» **WHAT YOU ARE ASKED TO DO**:
Each record must be copied in full and unchanged; any image it holds is excluded.

» **PROVIDED INFORMATION**:
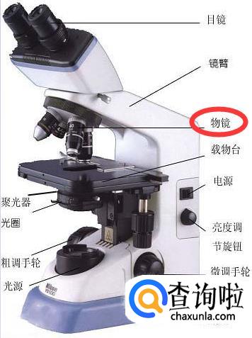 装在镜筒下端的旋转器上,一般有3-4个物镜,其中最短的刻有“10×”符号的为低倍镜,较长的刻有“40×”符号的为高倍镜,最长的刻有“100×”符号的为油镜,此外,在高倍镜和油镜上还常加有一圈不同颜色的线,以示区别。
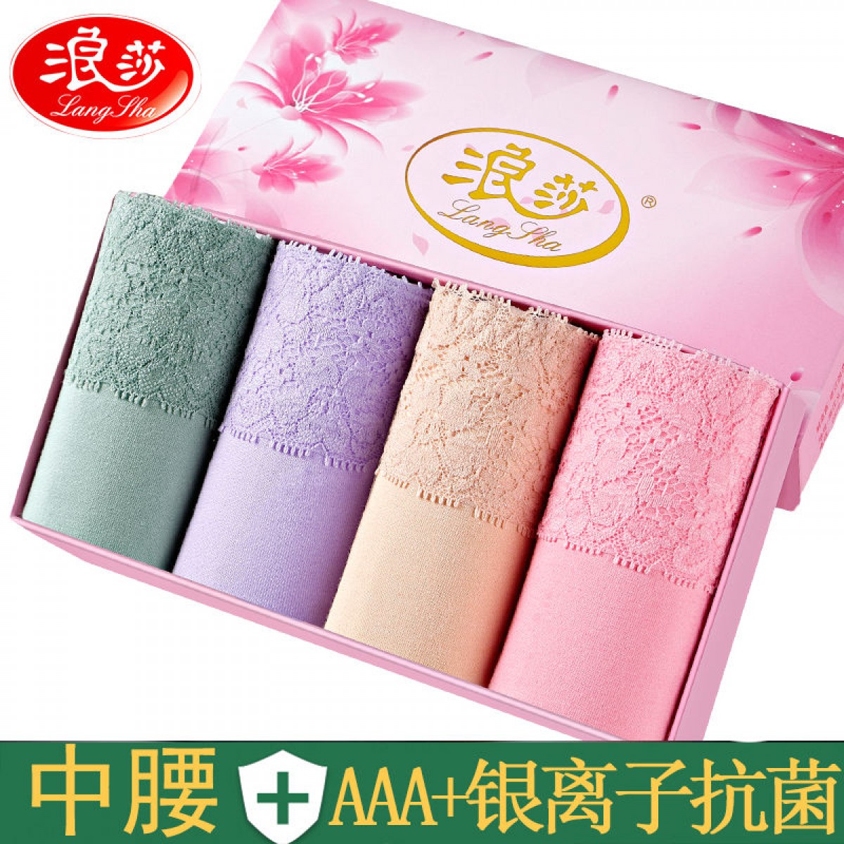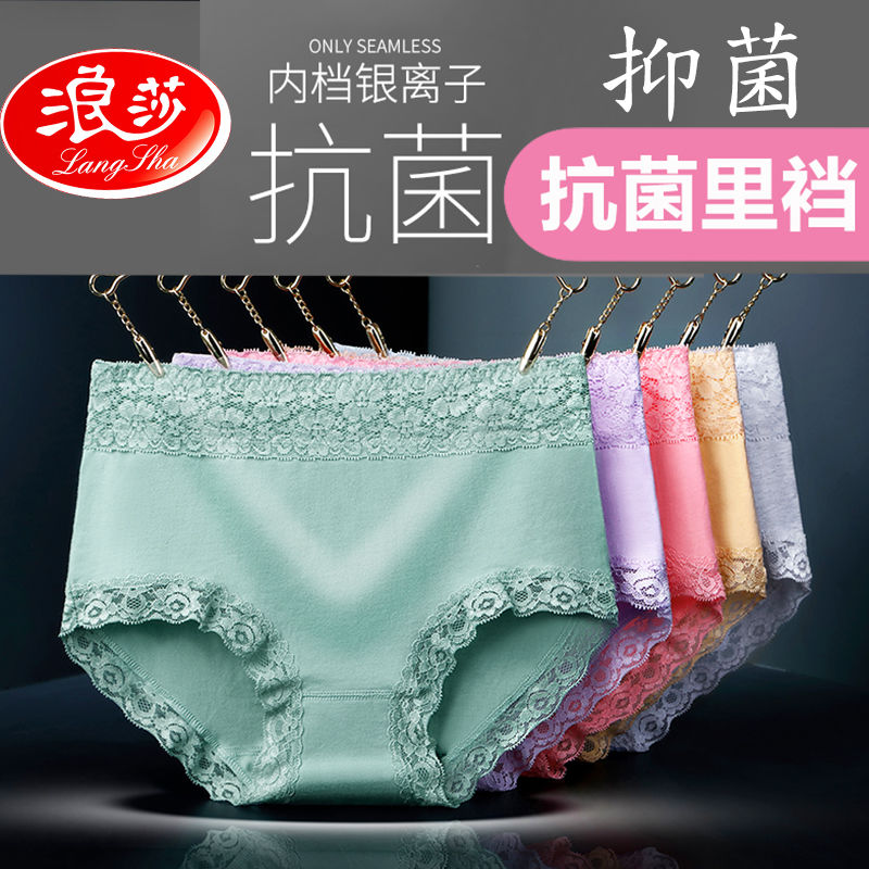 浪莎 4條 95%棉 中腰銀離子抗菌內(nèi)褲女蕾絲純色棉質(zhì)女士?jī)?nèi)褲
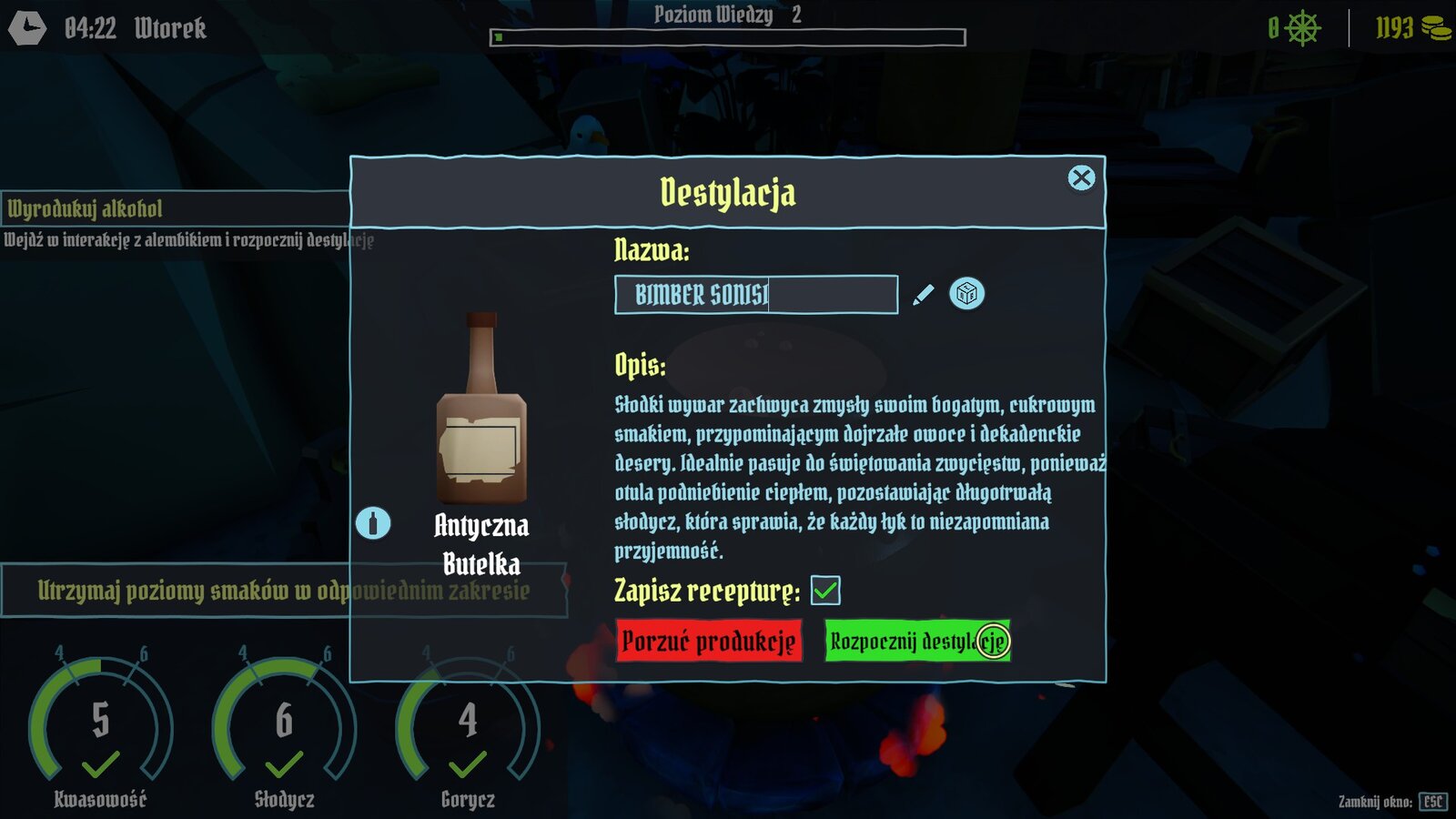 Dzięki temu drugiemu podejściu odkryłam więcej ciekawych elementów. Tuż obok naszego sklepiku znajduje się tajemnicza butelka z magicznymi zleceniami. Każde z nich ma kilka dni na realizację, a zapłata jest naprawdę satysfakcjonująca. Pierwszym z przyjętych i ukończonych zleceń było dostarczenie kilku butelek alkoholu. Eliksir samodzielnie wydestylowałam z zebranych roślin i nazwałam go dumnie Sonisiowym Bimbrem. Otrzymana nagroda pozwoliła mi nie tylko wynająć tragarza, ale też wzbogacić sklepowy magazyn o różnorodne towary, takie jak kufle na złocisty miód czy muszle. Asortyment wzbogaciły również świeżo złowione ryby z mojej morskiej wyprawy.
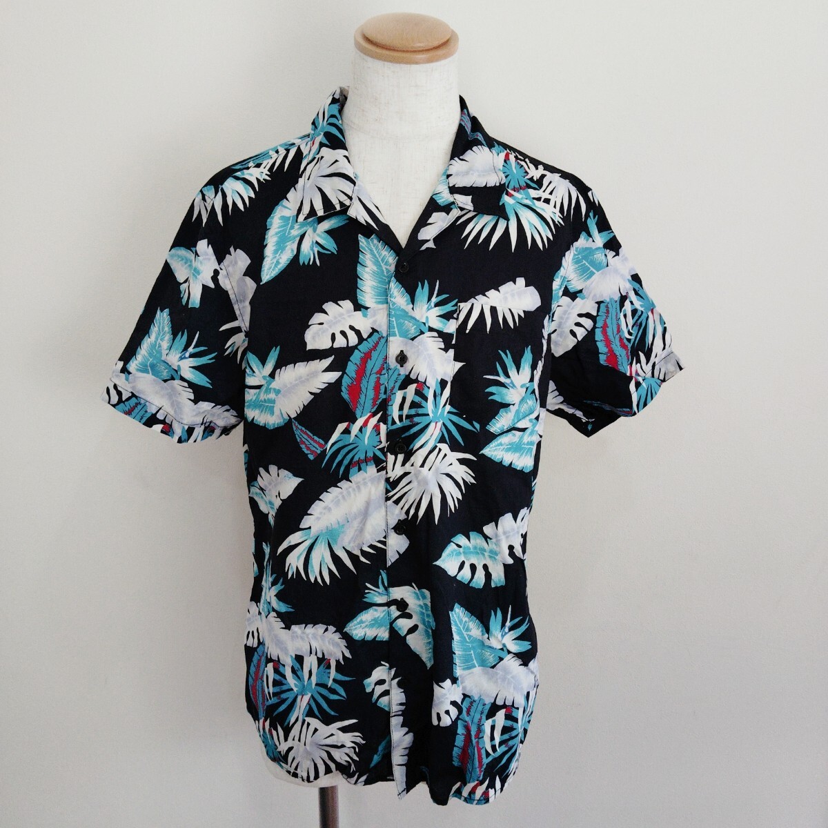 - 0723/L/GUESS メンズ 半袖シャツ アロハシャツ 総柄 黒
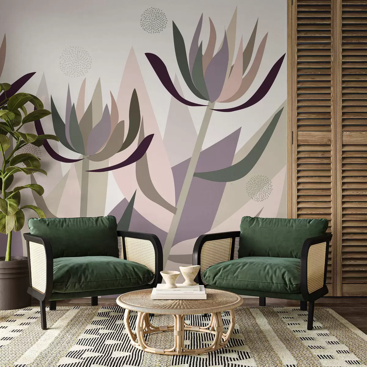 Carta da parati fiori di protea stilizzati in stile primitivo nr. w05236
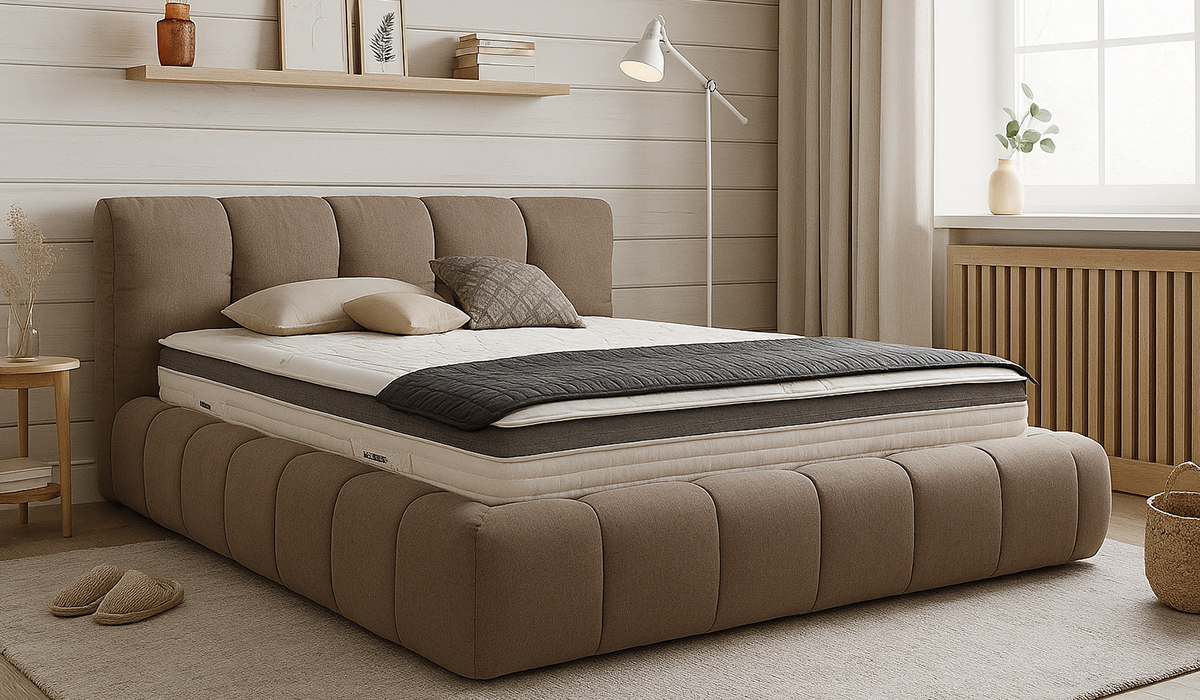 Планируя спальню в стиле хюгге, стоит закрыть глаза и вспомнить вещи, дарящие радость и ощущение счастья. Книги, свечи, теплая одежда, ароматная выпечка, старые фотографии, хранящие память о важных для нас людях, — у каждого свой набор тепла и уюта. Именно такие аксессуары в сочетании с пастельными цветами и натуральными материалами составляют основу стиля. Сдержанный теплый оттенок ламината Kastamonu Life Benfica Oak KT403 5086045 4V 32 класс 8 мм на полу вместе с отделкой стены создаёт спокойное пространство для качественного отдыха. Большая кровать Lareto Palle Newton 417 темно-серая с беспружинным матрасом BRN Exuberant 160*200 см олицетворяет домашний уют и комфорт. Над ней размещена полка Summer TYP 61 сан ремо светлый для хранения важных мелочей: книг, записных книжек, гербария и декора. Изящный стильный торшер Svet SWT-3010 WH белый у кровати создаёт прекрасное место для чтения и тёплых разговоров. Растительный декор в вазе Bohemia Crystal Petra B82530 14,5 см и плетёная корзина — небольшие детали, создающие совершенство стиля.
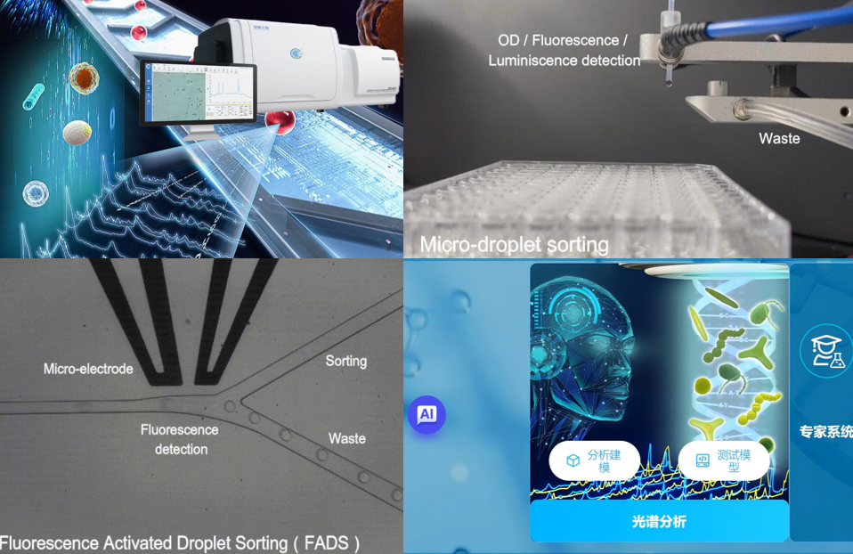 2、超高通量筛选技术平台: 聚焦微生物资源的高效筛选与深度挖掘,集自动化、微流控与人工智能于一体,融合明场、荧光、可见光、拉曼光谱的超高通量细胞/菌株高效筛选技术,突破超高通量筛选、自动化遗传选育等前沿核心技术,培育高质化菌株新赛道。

» **EXERCISE RESULT**:
 装在镜筒下端的旋转器上,一般有3-4个物镜,其中最短的刻有“10×”符号的为低倍镜,较长的刻有“40×”符号的为高倍镜,最长的刻有“100×”符号的为油镜,此外,在高倍镜和油镜上还常加有一圈不同颜色的线,以示区别。
 浪莎 4條 95%棉 中腰銀離子抗菌內(nèi)褲女蕾絲純色棉質(zhì)女士?jī)?nèi)褲
 Dzięki temu drugiemu podejściu odkryłam więcej ciekawych elementów. Tuż obok naszego sklepiku znajduje się tajemnicza butelka z magicznymi zleceniami. Każde z nich ma kilka dni na realizację, a zapłata jest naprawdę satysfakcjonująca. Pierwszym z przyjętych i ukończonych zleceń było dostarczenie kilku butelek alkoholu. Eliksir samodzielnie wydestylowałam z zebranych roślin i nazwałam go dumnie Sonisiowym Bimbrem. Otrzymana nagroda pozwoliła mi nie tylko wynająć tragarza, ale też wzbogacić sklepowy magazyn o różnorodne towary, takie jak kufle na złocisty miód czy muszle. Asortyment wzbogaciły również świeżo złowione ryby z mojej morskiej wyprawy.
 - 0723/L/GUESS メンズ 半袖シャツ アロハシャツ 総柄 黒
 Carta da parati fiori di protea stilizzati in stile primitivo nr. w05236
 Планируя спальню в стиле хюгге, стоит закрыть глаза и вспомнить вещи, дарящие радость и ощущение счастья. Книги, свечи, теплая одежда, ароматная выпечка, старые фотографии, хранящие память о важных для нас людях, — у каждого свой набор тепла и уюта. Именно такие аксессуары в сочетании с пастельными цветами и натуральными материалами составляют основу стиля. Сдержанный теплый оттенок ламината Kastamonu Life Benfica Oak KT403 5086045 4V 32 класс 8 мм на полу вместе с отделкой стены создаёт спокойное пространство для качественного отдыха. Большая кровать Lareto Palle Newton 417 темно-серая с беспружинным матрасом BRN Exuberant 160*200 см олицетворяет домашний уют и комфорт. Над ней размещена полка Summer TYP 61 сан ремо светлый для хранения важных мелочей: книг, записных книжек, гербария и декора. Изящный стильный торшер Svet SWT-3010 WH белый у кровати создаёт прекрасное место для чтения и тёплых разговоров. Растительный декор в вазе Bohemia Crystal Petra B82530 14,5 см и плетёная корзина — небольшие детали, создающие совершенство стиля.
 2、超高通量筛选技术平台: 聚焦微生物资源的高效筛选与深度挖掘,集自动化、微流控与人工智能于一体,融合明场、荧光、可见光、拉曼光谱的超高通量细胞/菌株高效筛选技术,突破超高通量筛选、自动化遗传选育等前沿核心技术,培育高质化菌株新赛道。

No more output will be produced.